Unrealized gains and losses on financial assets measured at fair value directly alter financial statements, with impacts depending on the measurement category . For fair value through profit or loss, these changes flow through the profit and loss statement, affecting net income . For fair value through other comprehensive income, they adjust equity via changes in other comprehensive income without immediate impact on profit or loss, providing broader fiscal insight into asset performance .

An entity seeking long-term investment in equity without immediate gains impact might classify under fair value through other comprehensive income, reevaluating risk tolerance and dividend expectations . This choice also involves considering market conditions, cash flow stability, and capital management strategies as these classifications allow incremental revaluation with minimized immediate income statement effects .

Financial assets held for trading are intended for short-term profit maximization, leading to a more aggressive financial strategy with higher liquidity but also increased volatility and risk due to frequent revaluation . In contrast, equity investments held at fair value through other comprehensive income align with a strategy focused on long-term growth and stability, as gains and losses do not immediately impact profit and loss but affect other comprehensive income instead . This can stabilize earnings reports, providing a more consistent financial outlook.

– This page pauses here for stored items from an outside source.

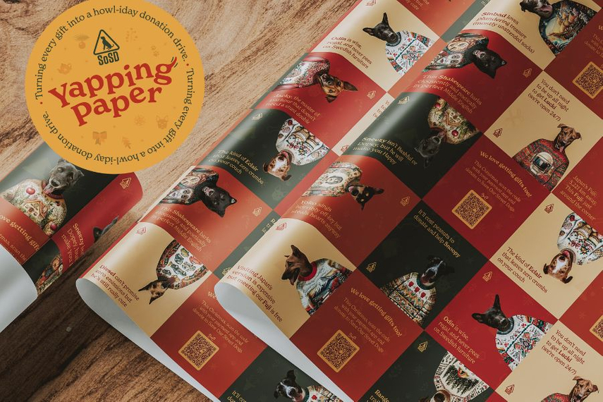 クリスマスを目前に、シンガポールの動物福祉団体「Save Our Street Dogs(SOSD)」とマッキャン・シンガポール(McCann Singapore)がラッピングペーパーのキャンペーンを展開した。保護犬が印刷された包装紙「Yapping Paper」は、動物病院や店舗などで今月16日から販売されている。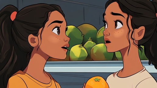 Создано на основе запроса: cartoon of Two young Latinas look intrigued at an orange on the shelf, v5 ar 2:3 –stylize 500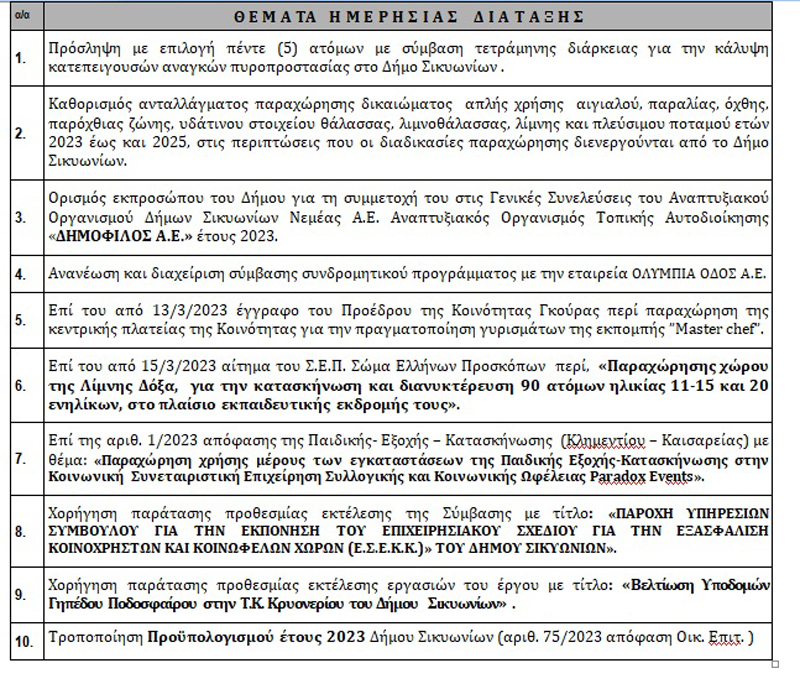 Στην ΕΚΤΑΚΤΗ δια ζώσης συνεδρίαση του Δημοτικού Συμβουλίου του Δήμου Σικυωνίων που θα διεξαχθεί σήμερα Παρασκευή 7/4 στην αίθουσα του Δ. Σ. του Δημοτικού στις 19:00μ.μ θα γίνει στο 5ο θέμα συζήτηση επί του εγγράφου του προέδρου της κοινότητας Γκούρας περί παραχώρηση της κεντρικής πλατείας της κοινότητας για την πραγματοποίηση γυρισμάτων της εκπομπής ”Master chef”.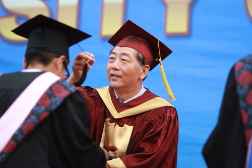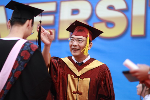 校党委书记陈学奇为2012届毕业生颁发毕业证学位证并拨流苏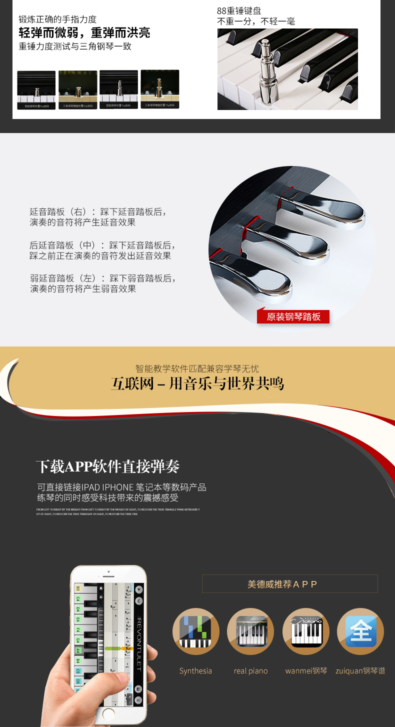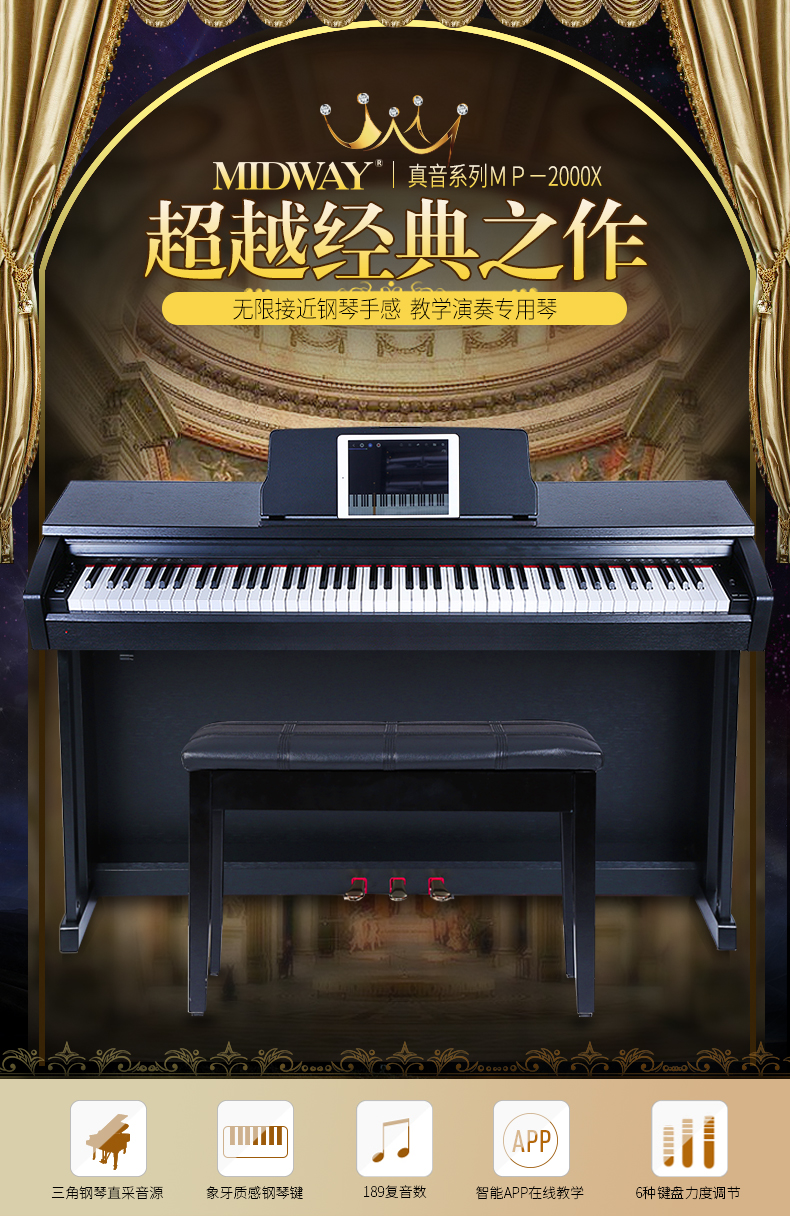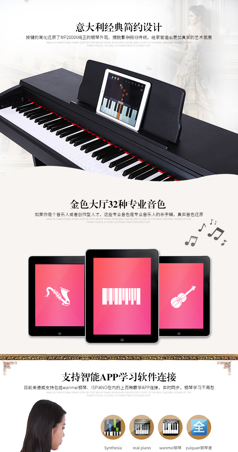商品名称:美德威智能电钢琴 88键重锤高档演奏教学数码电子钢琴钢琴手感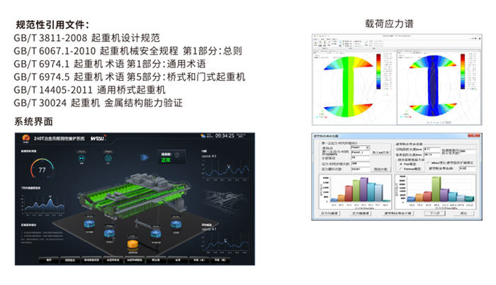 WT-SMS-YL03鑄造起重機應(yīng)力在線監(jiān)測系統(tǒng),是依據(jù)鑄造起重機報廢標(biāo)準(zhǔn)開發(fā)制造的能實時監(jiān)測、顯示主梁在各種載荷下的應(yīng)力數(shù)據(jù),根據(jù)設(shè)計安全范圍給出橋機主梁疲勞結(jié)構(gòu)應(yīng)力過載超范圍預(yù)警提示,系統(tǒng)能存儲、導(dǎo)出數(shù)據(jù),可以對監(jiān)測的數(shù)據(jù)做趨勢分析,結(jié)合有限元分析和載荷應(yīng)力譜對主梁的健康度做評測。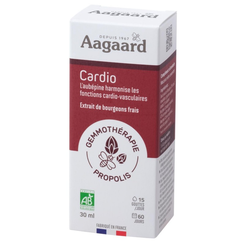 Eau de source d’Auvergne, 35% alcool*, émulsifiant : glycérine végétale (colza)*, 5% aubépine* bourgeon (Crataegus oxyacanta), 4,5% cornouiller sanguin* bourgeon (Cornus sanguinea L.), extrait de propolis* 5%.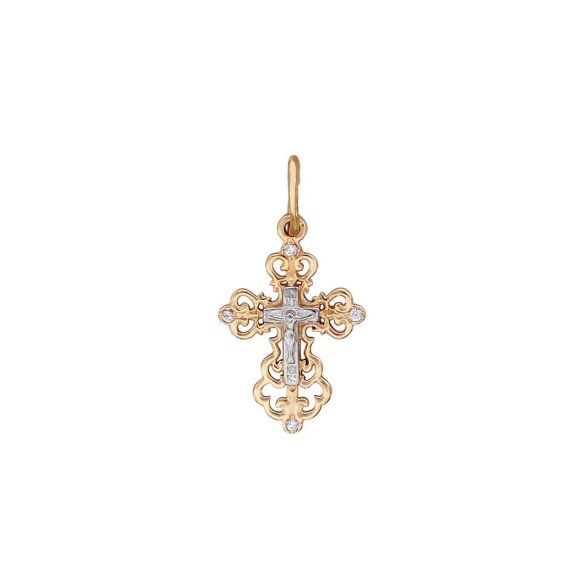 Крест нательный из красного золота 585 пробы с фианитами 01Р110768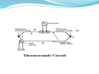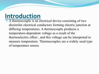 A thermocouple is an electrical device consisting of two dissimilar metals joined together that produces a voltage dependent on the temperature difference between the junctions. Thermocouples operate based on the Seebeck effect and Peltier effect to measure a wide range of temperatures from -270°C to 3000°C. They are commonly used to monitor temperatures in industrial processes like kilns but are less accurate than other sensors for measuring small temperature differences with high precision.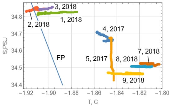 In 2018, CTD profiles 1–9 were performed from the ice floes or from the board of the “Polarsyssel” moored to the floes. Profiles 1–5 and 6–9 were recorded when the vessel was moored to the middle and right floes shown in Figure 7, respectively. Profiles 1–3 were performed in the depth range 40–50 m, profiles 4–6 were performed in the depth range 60–80 m, and profiles 7–9 were performed in the depth range 20–40 m in the shallowest part of Spitsbergen Bank. The salinity above 34.8 PSU supports to consider this water as cooled Atlantic water. Profiles 4–6 correspond to the Polar Front water. The salinity is approximately 34.5 PSU, and the temperature is around −1.8 °C on profiles 7–9. Their characteristics are close to the “ideal” Arctic water.
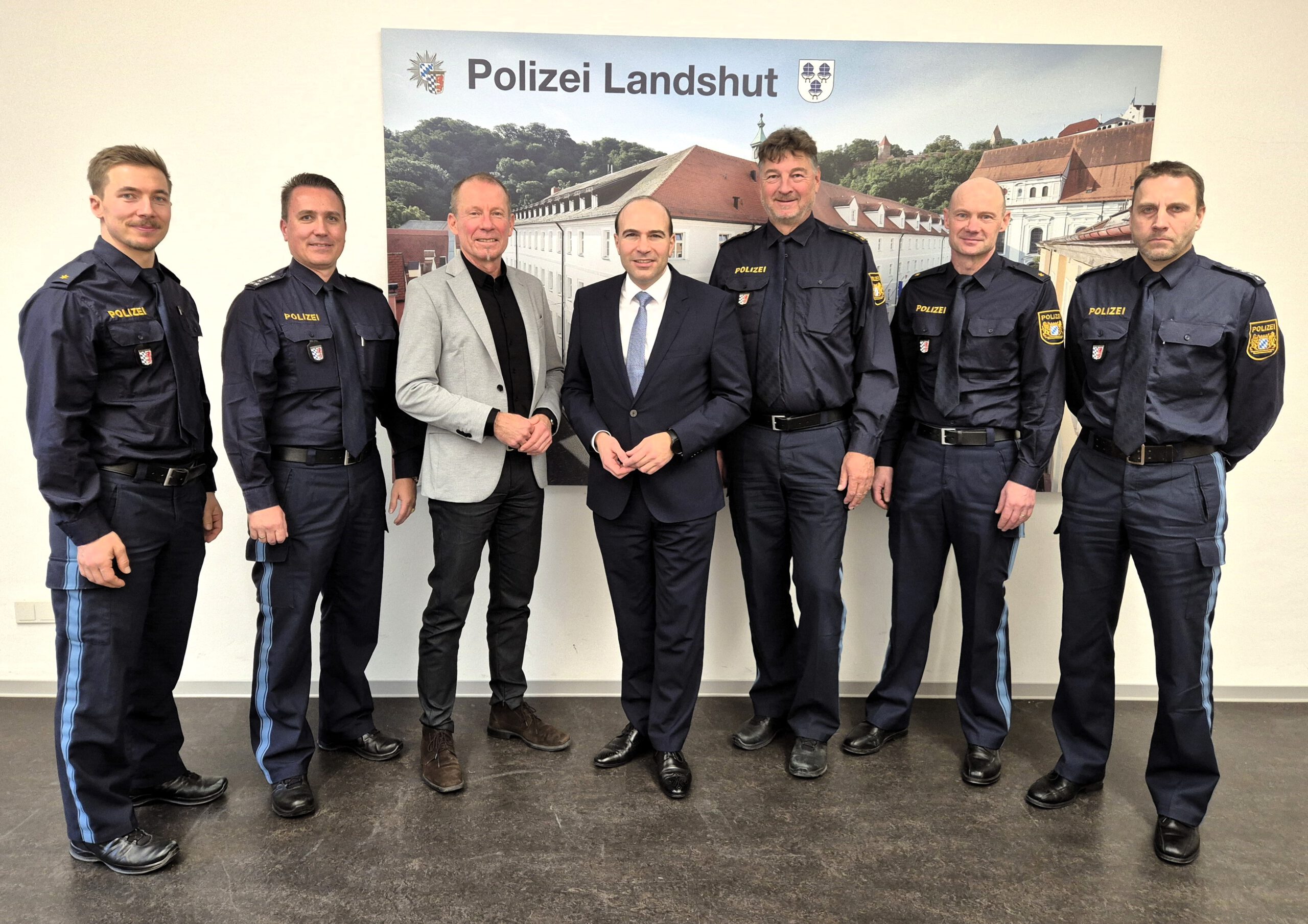 Bildunterschrift: Floria Oßner MdB (Mitte) informierte sich bei PI-Leiter Peter Böttinger (3.v.r) und seinen Kollegen über die aktuellen Herausforderungen der Landshuter Polizei und sicherte seine Unterstützung zu.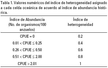 Modelación. La modelación se realizó mediante el lenguaje de programación Mat Lab versión 7.1. Con objeto de iniciar la construcción del modelo, la región localizada entre los 10° y 32° N y los 85° y 125° W, superficie que incluye a la Zona Económica Exclusiva Mexicana (ZEEM) en el Océano Pacífico, se dividió en subáreas de medio grado de latitud por medio grado de longitud, proceso que produjo un total de 4,000 celdas. Para representar la heterogeneidad ambiental, esto es, la variabilidad espacial de las características oceanográficas en dicha región, a cada una de estas unidades se le asignó un valor discreto cada 0.2 unidades en el intervalo cerrado [0, 1], de la siguiente manera: para las unidades secas (localizadas sobre el continente, con más del 50% de tierra) se les asignó un valor de 0. Para las celdas oceánicas, se utilizó el reporte de la Comisión Interamericana del Atún Tropical (CIAT) (Miyabe & Bayliff, 1987), del cual se obtuvo la distribución de las capturas por unidad de esfuerzo (CPUE) de la flota palangrera comercial (número de organismos/100 anzuelos), este índice de abundancia se asumió como el reflejo de la heterogeneidad ambiental de la región. Por tanto a las celdas que presentaron los valores más altos de CPUE, se les asignó un valor de 1, mientras que a las restantes se les asignaron valores de 0.8, 0.6, 0.4 y 0.2 suponiendo una proporcionalidad en relación a sus índices de abundancia históricos (Tabla 1).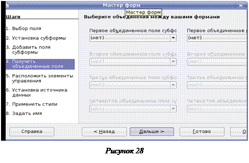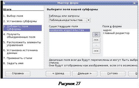 Шаг 3. Выбираем поля для субформы (это будут поля «адрес» и «главный редактор» таблицы «издательства») (Рисунок 27).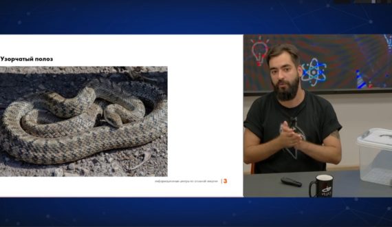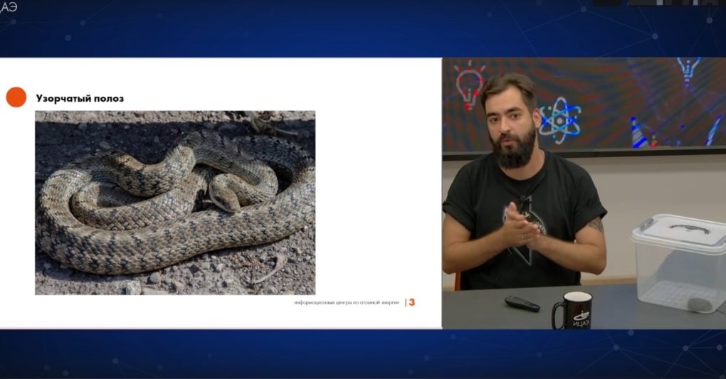 На ток-шоу эксперт принёс с собой в контейнере узорчатого полоза, который был пойман за неделю до мероприятия на одном из частных участков. Артур рассказал о видовых особенностях, окраске, поведении и кормовой базе каждой рептилии, проживающей на территории области.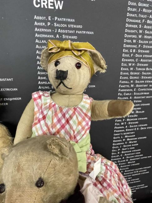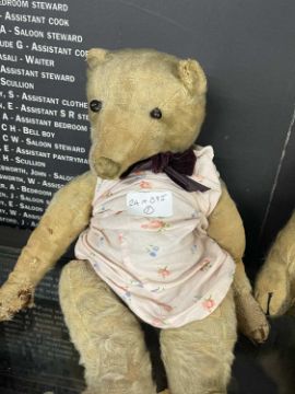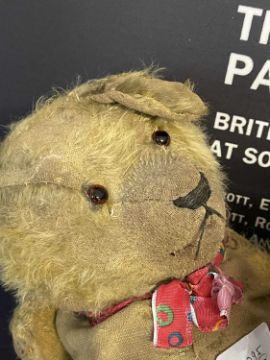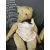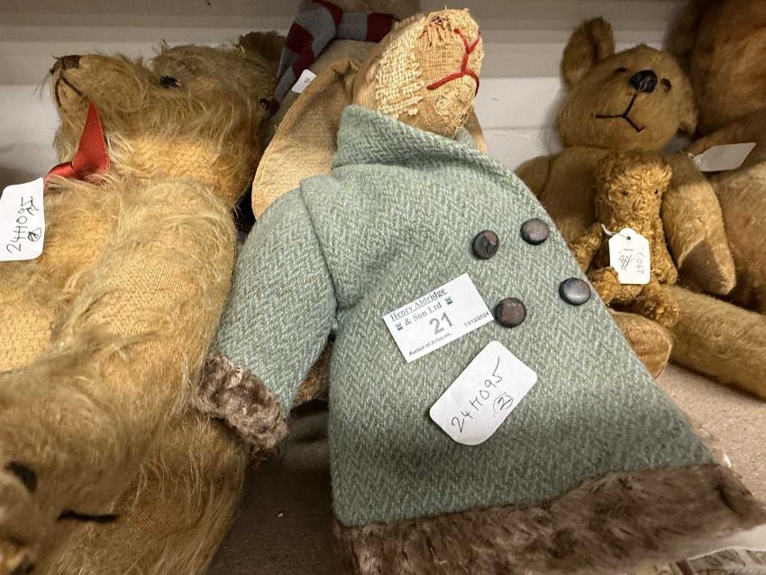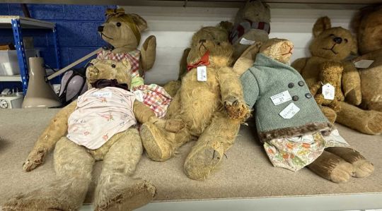 Toys: A group of three early 20th century c1930-50 teddy bears, British, two Farnell and one Merrythought, straw-filled articulated arms and legs, long snouts, all with age-related wear, dressed in later textiles.A group of three early 20th century straw-filled dolls/teddies, all British. One straw-filled rabbit doll, one plush mohair Chad Valley teddy bear with one ear missing and a straw-filled seated dog doll with both ears missing, all with age-related wear.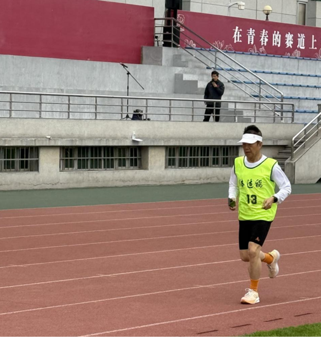 孙健敏老师参加男子组1500米决赛,全程保持稳定节奏,凭借顽强意志坚持到底,最终以6分43秒的成绩勇夺第一。

A financial asset may be classified under fair value through profit or loss if it is designated as such irrevocably upon initial recognition, or if it does not meet the criteria for amortized cost or fair value through other comprehensive income categories . This includes assets meant for trading or those that embody derivatives, whose purpose revolves around rapid turnover and capturing market gains .

The maturity date significantly affects a debt security's valuation and attractiveness by determining the time frame for risk exposure and return realization . Shorter maturities generally offer lower yields with reduced risk, attracting those seeking stability, whereas longer maturities might present higher yields reflecting increased risk and market uncertainty . Investors bridge these elements to align with specific time horizons and risk preferences.

Derecognition in managing financial assets at fair value through profit or loss involves removing an asset from the entity's balance sheet due to the end of control over the said asset . Its implications include recognizing any resultant gain or loss in profit or loss, representing the financial conclusion of the transaction and significantly influencing the entity's immediate financial results . This process can help entities streamline their asset portfolios and liquidity positions.